Forget about the t-values for a minute, these SDs are low.

Really, really low.

So low, in fact, that there start to become very very few possible combinations for how they might exist. Instead of making assumptions about where the SDs might end, we can simply use SPRITE to find the lowest possible SDs.

If we do so, the above becomes:

5.0667 (0.5833) vs. 5.6333 (0.4901), t=4.07

So, the range of the possible t-values does contain the reported value (which is t=2.57 to t=4.62).***

That’s a good start. It might be OK. Right?

WRONG. FAKE NEWS.

Here is what SPRITE says mean = 5.6, SD = 0.5 is:

Notice how I said ‘is’, instead of ‘might be’? SPRITE returns possible solutions… except when there’s only one possible solution. And it’s this.

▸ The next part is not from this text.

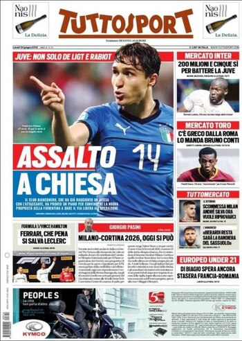 Tapa del diario Tutto Sport, Italia, 24 de junio de 2019

The SD of this sample is so low, EVERY SINGLE PERSON put 5 or 6 on that old 7 point scale. That’s right. Everyone.

There are no 4’s. Add a 4 and the SD is 0.5632.

There are no 7’s. Add a 7 and the SD is 0.5561.

Both round, obviously, to 0.6 (1 d.p, remember?)

So, let me get this right: when a sample of socially-conscious university students are marched into a cupboard, sat down next to a twig-plant, and asked about global warming, absolutely no-one reports either being ambivalent about (4) or strongly agreeing with (7) the phrase “It seems to me that the temperature is warmer now than in previous years”?

Of course no-one is skeptical (1–3) at all either.

Every. Single. Person. 5 or 6.

Now, is it possible? Technically. I just feel like it’s very, very, very unlikely.

And I’m not done.

This scale has been administered before.

That paper is Joireman et al. (2010), doi: 10.1016/j.jenvp.2010.03.004.
This paper looks… well, at a glance, fine.

So let’s compare potential SPRITE solutions for all 8 of the mean/SD pairs given in Guéguen (2012) for these questions (G_Leaves, G_Twigs) to the original values from Joireman et al. (J_Overall):

Oh dear.

As you can see, the samples from Gueguen (2012) I’ve designated G_Leaves and G_Twigs are universally afflicted with an extraordinarily strong and persistent lukewarm agreement. No-one has any strong doubts, very few are even undecided. But at the same time, no-one has any strong endorsement either… the answer to ‘is there global warming going on?’ is a resounding and damn-near-unanimous ‘yeah, sorta, I guess, pass the shortbread’.

Naturally, other people have tried to measure this attitude (it’s important). For instance, an Ipsos poll in France reported that 53.5% of adults aged 18–24 surveyed replied “Oui, tout à fait” (“Yes, absolutely”) to a question asking if they personally thought that climate change was real.

Yet, here, when faced with the proposition “It seems to me that the temperature is warmer now than in previous years,” apparently not one participant can bring themselves to put 7 out of 7, even in the presence of ominous twigs.

Hmph.

Conclusion:

Something has gone seriously curly here. In total, we have:

  • a series of extraneous and curious details (“Is this corpse dead? Rate its deadness from 1 to 7”…)
  • wrong dfs…
  • potentially curious t-values…
  • bizarrely restricted variation in ALL samples…
  • …^ which is totally at odds with both (a) existing research using the same measure, (b) other measures of the same attitude and (c) common sense

And that’s just Study 1. Study 2 is more of the same. If you’ve got the paper open, check the answer to Condition “one indoor plant with foliage”, Question 4. Again, the forces of unanimous but extremely lukewarm agreement make themselves known.

P.S. More to come. You’ll see.

* Note that this doesn’t even require us to use GRIMMER to determine if the SDs are possible. The true max t value may be lower still.

** I made a big fat stupid error in the original version of this blog post, just from using the wrong value. This is what you get for working in the middle of the night. I apologise unreservedly to everyone who read it and the author. This affects the overall conclusion a little, but not a great deal… the lack of sample variation worries me more than everything else put together. I have retained a copy of the original here if you want to see me being wrong. Thank you Jordan Anaya for pointing this out immediately, you sharp-eyed bastard.

*** Used the R-calculator for these (thank you, Nick). Still possible with other calculators.